# Pointwise convergence of Random walk to the Brownian motion

Let $\{X_n\}_{n \in \mathbb{N}}$ be a sequence of i.i.d random variables taking value in the set $\{-1,1\}$ with $P(X_n = 1) = \frac{1}{2}$. Let $S_n = \sum\limits_{i=1}^n X_n$, and for $k \in \mathbb{N}$ define the random process $B^k$ as $$B^k(t) = \frac{S_{[kt]}}{\sqrt{k}} \qquad t \in \mathbb{R}$$

where $[x]$ is the integer part of $x$.

I know that $(B^k(t))_{t \in \mathbb{R}}$ converges to the standard Brownian motion in distribution, does it also converges pointwise? i.e. is there a random process $\{B(t)\}_{t\in \mathbb{R}}$ so that $$\forall t \in \mathbb{R} \quad \lim_{k \to \infty} B^k(t) = B(t) \quad \text{a.s}$$ and further that $B(t)$ is the Brownian motion.
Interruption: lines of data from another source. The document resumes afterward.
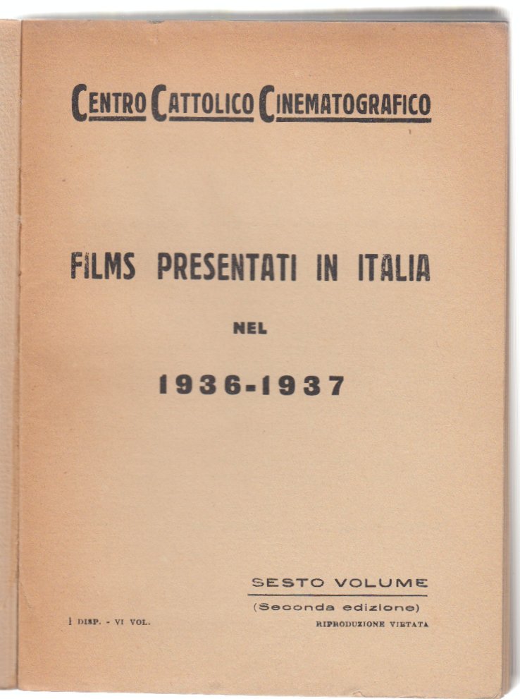 SEGNALAZIONI CINEMATOGRAFICHE 1936-1937 2∞ EDIZ. VOLUME VI CENTRO CATTOLICO CINEMATOGRAFICO COPERTINA FLESSIBILE EDITORIALE CON UNA LIEVISSIMA PIEGA AL PIATTO, DORSO BRUNITO LEGATURA LEGGERMENTE ALLENTATA, INTERNO IN BUONO STATO LIEVE OSSIDAZIONE AI MARGINI DELLE PAGINE, N. PAG. 187 CM. 16 X 11,5. -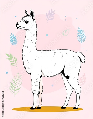 © Ramaa, Fototapeta premium Cute llama illustration with pastel floral background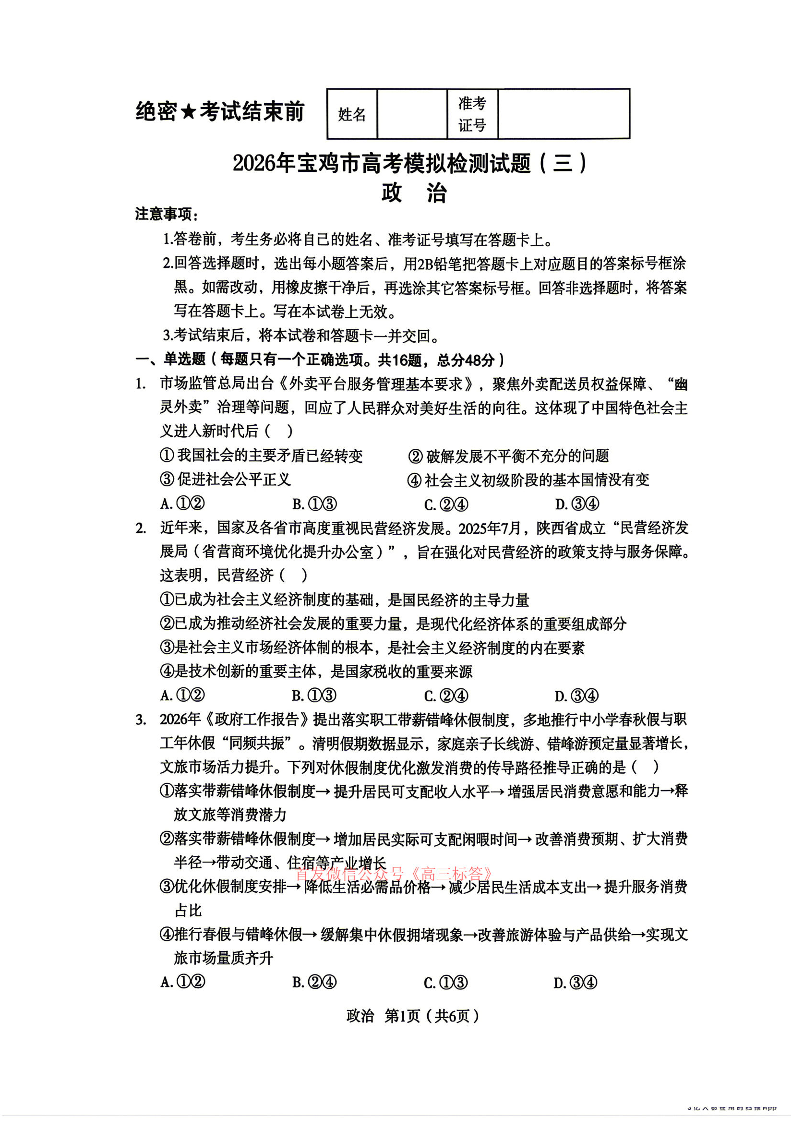2026年宝鸡市高考模拟检测试题(三)政治试题(含答案).pdf

• If the pointwise limit exists, then it must be BM. So the question really is if the limit exists. – Miheer May 5 '17 at 15:10
• A related question seems to be : is there pointwise convergence in the central limit theorem – Miheer May 5 '17 at 15:19

## 1 Answer

No, it doesn't. By the Kolmogorov 0-1 law, if the a.s. (or even i.p.) limit exists, it is a constant, which is absurd.

To see this, let's take $t=1$ for simplicity. Suppose that $S_k / \sqrt{k} \to Y$ a.s. Fix $j$ and write, for $k \ge j$,

$$\frac{S_k}{\sqrt{k}} = \frac{X_1 + \dots + X_{j-1}}{\sqrt{k}} + \frac{X_{j} + \dots + X_k}{\sqrt{k}}$$

As $k \to \infty$, the first term goes to zero a.s. (since the numerator does not depend on $k$). So we have

$$Y = \lim_{k \to \infty} \frac{X_{j} + \dots + X_k}{\sqrt{k}}$$

which shows that $Y \in \sigma(X_j, X_{j+1}, \dots)$. But $j$ was arbitrary, so this shows that $Y$ is a tail random variable. Kolmogorov says the tail $\sigma$-field is almost trivial, meaning that $Y$ is a.s. equal to a constant.

Alternatively, the law of the iterated logarithm for random walk will also show you that, almost surely, $\limsup S_k / \sqrt{k} = +\infty$ and $\liminf S_k / \sqrt{k} = -\infty$.